#### [WORK INSTRUCTION]
From the line with "ミシン掛けをするだけで簡単にシャーリングが出来る便利なテープです。" to the line with "foxer4 Napisano Poniedziałek", output every line below exactly, both ends included. Skip the pictures.

#### [INFORMATION PROVIDED]
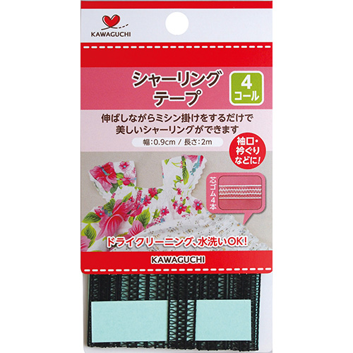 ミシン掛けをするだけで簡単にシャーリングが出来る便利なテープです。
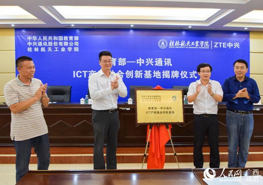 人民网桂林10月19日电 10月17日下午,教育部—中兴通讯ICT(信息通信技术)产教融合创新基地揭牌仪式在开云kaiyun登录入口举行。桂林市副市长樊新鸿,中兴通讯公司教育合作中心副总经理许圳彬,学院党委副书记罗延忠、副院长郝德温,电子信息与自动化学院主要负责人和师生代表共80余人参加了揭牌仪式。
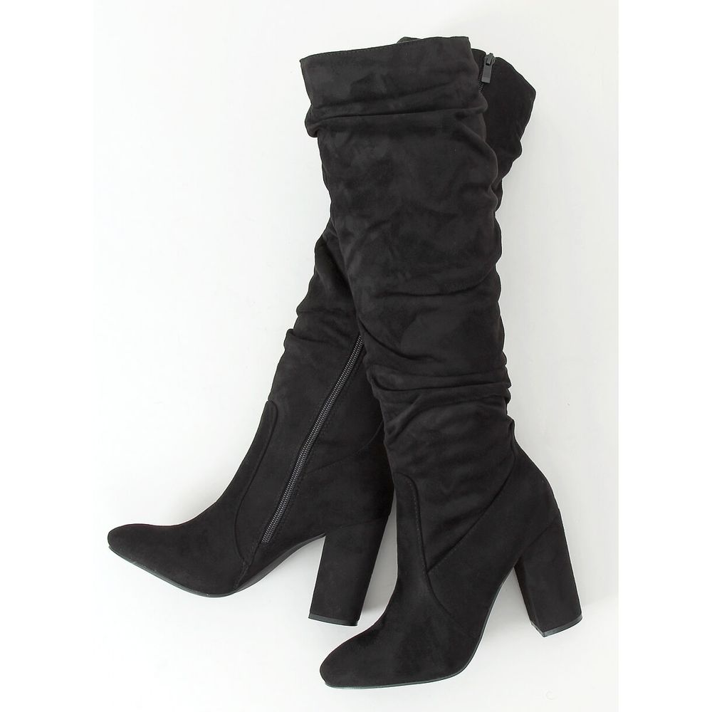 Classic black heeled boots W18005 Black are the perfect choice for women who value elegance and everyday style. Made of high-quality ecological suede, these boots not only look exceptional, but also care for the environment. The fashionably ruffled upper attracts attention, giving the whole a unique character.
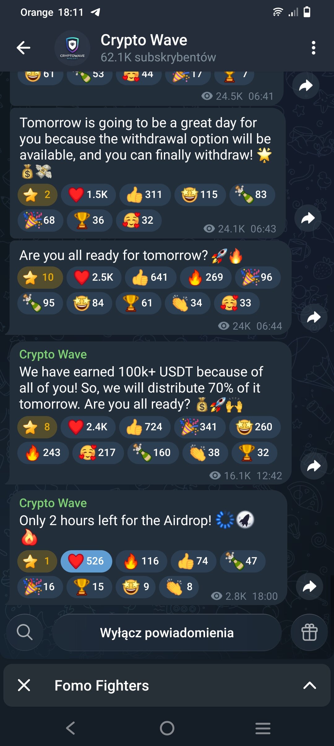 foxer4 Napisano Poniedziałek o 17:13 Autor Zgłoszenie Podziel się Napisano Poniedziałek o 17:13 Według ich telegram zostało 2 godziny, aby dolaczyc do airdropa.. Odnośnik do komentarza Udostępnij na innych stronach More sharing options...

--

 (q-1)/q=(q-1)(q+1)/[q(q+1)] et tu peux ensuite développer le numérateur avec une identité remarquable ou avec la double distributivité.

==

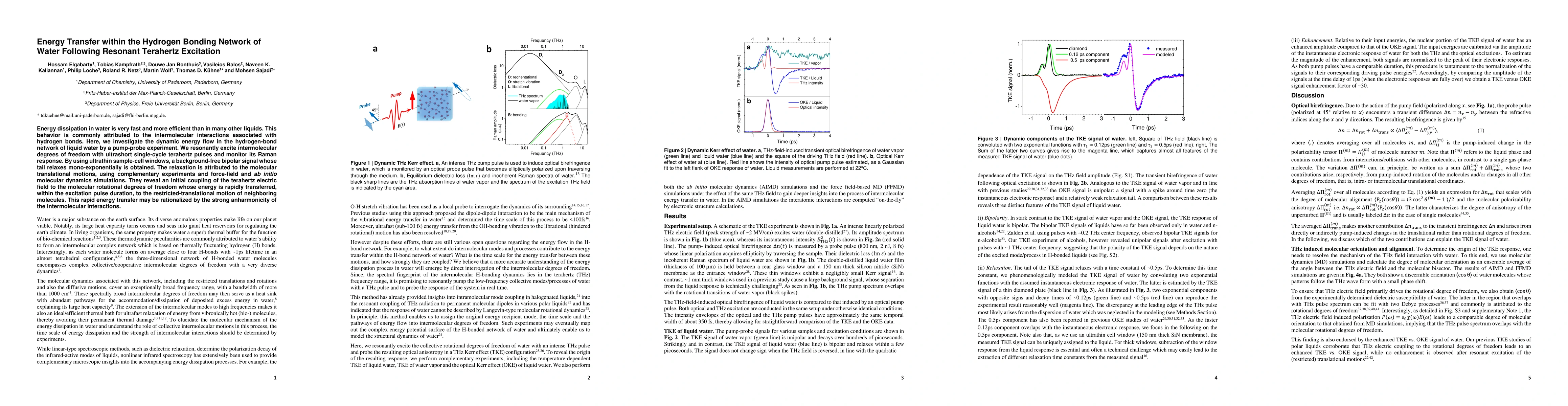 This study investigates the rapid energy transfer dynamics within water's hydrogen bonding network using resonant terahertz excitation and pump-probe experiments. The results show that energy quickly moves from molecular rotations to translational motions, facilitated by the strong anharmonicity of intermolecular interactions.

#### [RESULT OF THE TASK]
 ミシン掛けをするだけで簡単にシャーリングが出来る便利なテープです。
 人民网桂林10月19日电 10月17日下午,教育部—中兴通讯ICT(信息通信技术)产教融合创新基地揭牌仪式在开云kaiyun登录入口举行。桂林市副市长樊新鸿,中兴通讯公司教育合作中心副总经理许圳彬,学院党委副书记罗延忠、副院长郝德温,电子信息与自动化学院主要负责人和师生代表共80余人参加了揭牌仪式。
 Classic black heeled boots W18005 Black are the perfect choice for women who value elegance and everyday style. Made of high-quality ecological suede, these boots not only look exceptional, but also care for the environment. The fashionably ruffled upper attracts attention, giving the whole a unique character.
 foxer4 Napisano Poniedziałek o 17:13 Autor Zgłoszenie Podziel się Napisano Poniedziałek o 17:13 Według ich telegram zostało 2 godziny, aby dolaczyc do airdropa.. Odnośnik do komentarza Udostępnij na innych stronach More sharing options...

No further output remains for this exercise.